Cui He bahkan tak berpikir, hanya tersenyum sinis dan berkata santai, “Terserah, sesuaikan saja.”
“Mau seratus ribu, dua ratus ribu, bebas!”
“Bagiku, bukan akuisisi pabrik itu yang benar-benar penting, yang aku incar adalah resepnya.”
“Tapi urusan itu, jangan kau campuri. Fokus saja pada tugasmu. Intinya, apa yang kau lakukan hanyalah pengalih perhatian.”
Qian Dajun mengangguk, lalu tanpa banyak bicara lagi, membungkuk dan keluar dari kantor Cui He.
Sekitar dua puluh menit kemudian, ia baru kembali mengenakan ekspresi angkuh, masuk ke kantornya sendiri, lalu memandang Lin Dexu dengan tatapan meremehkan, dan berkata perlahan, “Kau beruntung. Tuan Cui sangat menginginkan Pabrik Minuman Keras Yangjiaqiao.”
“Dari tawaran sebelumnya, kami siap menambah dua puluh ribu lagi. Tapi kalau kali ini kau tidak berhasil, jangan salahkan aku kalau bertindak tegas.”
Sret!
Mendengar ini, Lin Dexu benar-benar terkejut.

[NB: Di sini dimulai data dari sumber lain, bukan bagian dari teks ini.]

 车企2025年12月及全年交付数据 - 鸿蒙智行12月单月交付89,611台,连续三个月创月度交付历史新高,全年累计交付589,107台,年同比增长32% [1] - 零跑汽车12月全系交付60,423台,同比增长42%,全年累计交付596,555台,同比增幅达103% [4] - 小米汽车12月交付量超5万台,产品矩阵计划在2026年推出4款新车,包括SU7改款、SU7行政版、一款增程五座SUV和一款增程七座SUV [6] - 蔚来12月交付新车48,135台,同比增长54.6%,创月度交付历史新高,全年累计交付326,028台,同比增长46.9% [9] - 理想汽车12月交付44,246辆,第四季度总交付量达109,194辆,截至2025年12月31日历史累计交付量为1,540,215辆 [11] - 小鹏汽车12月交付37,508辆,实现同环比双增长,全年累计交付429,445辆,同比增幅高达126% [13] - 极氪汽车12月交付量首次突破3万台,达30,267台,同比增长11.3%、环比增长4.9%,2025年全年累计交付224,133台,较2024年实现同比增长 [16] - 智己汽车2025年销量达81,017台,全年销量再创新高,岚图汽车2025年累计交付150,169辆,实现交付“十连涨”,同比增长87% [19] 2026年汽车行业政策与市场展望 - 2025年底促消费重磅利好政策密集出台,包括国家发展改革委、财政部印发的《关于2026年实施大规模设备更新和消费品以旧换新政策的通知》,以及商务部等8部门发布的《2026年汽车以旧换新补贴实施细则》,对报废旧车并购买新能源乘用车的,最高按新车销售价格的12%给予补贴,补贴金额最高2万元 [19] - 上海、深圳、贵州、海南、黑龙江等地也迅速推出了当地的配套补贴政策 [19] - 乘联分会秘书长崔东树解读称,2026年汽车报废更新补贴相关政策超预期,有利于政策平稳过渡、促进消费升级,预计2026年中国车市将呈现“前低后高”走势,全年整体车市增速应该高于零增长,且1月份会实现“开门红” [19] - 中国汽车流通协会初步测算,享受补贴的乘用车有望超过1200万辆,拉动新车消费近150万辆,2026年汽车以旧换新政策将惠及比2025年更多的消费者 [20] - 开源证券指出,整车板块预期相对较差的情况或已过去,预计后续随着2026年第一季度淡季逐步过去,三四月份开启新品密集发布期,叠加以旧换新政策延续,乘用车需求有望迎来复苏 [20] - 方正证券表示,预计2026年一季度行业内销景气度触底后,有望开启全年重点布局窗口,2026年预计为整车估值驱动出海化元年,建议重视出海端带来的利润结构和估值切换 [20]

Ia sama sekali tak menyangka Pabrik Minuman Keras Yangjiaqiao milik Li Mingchao bisa begitu berharga.
Seratus ribu!
Dengan uang sebanyak itu, seumur hidupnya tak akan lagi kekurangan.

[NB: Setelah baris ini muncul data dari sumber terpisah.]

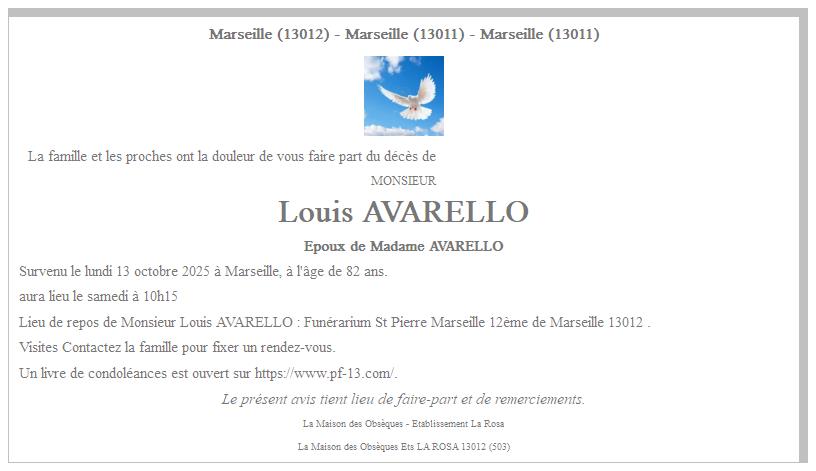 Cet espace « condoléances » est dédié à la mémoire de Monsieur Louis AVARELLO.

Jujur saja, Lin Dexu mulai tergiur.
Namun apa daya, sekalipun transaksi ini berhasil, hampir tak ada untung yang bisa ia nikmati.
Yang justru memenuhi pikirannya saat ini adalah, apa langkah yang harus ia ambil selanjutnya?
Dari sikap Cui He, ia sudah paham, perusahaan Xianglong sangat menaruh perhatian pada pabrik itu, kalau tidak mana mungkin mau keluar biaya sebesar itu?
Kalau sampai akuisisi ini berhasil, skala perusahaan Xianglong pasti akan makin besar. Waktu itu, apakah masih ada ruang hidup untuk pabrik araknya sendiri?
Qian Dajun pun merinding.
Semakin Cui He memperhatikan Pabrik Minuman Keras Yangjiaqiao, semakin ia tidak ingin transaksi ini terjadi.
Karena itulah, tatapan Lin Dexu semakin berat. Ia lalu berkata dengan sungguh-sungguh, “Tenang saja, Pak Qian, urusan ini pasti saya selesaikan dengan baik.”
“Bagus,” jawab Qian Dajun perlahan. “Kali ini ada perintah langsung dari Tuan Cui, semua jaringan dan sumber daya Xianglong bebas kau pakai, dan ada uang satu juta untukmu sebagai uang lelah.”
Lin Dexu: “……”
Hatinya kini benar-benar terpuruk.
Semakin banyak Cui He memberikan fasilitas, makin dingin pula hatinya.
Sebab dengan dukungan sebesar itu, jelas sekali betapa pentingnya akuisisi ini bagi Cui He.
Ah!
Ia hanya bisa menghela napas dalam hati, tapi wajahnya tetap tersenyum lebar. Ia pun segera meninggalkan Pabrik Minuman Keras Xianglong.
Kini ia harus memikirkan langkah selanjutnya.
Namun, apa pun yang terjadi, ia sudah bertekad dalam hati, bahwa ia harus menggagalkan urusan ini!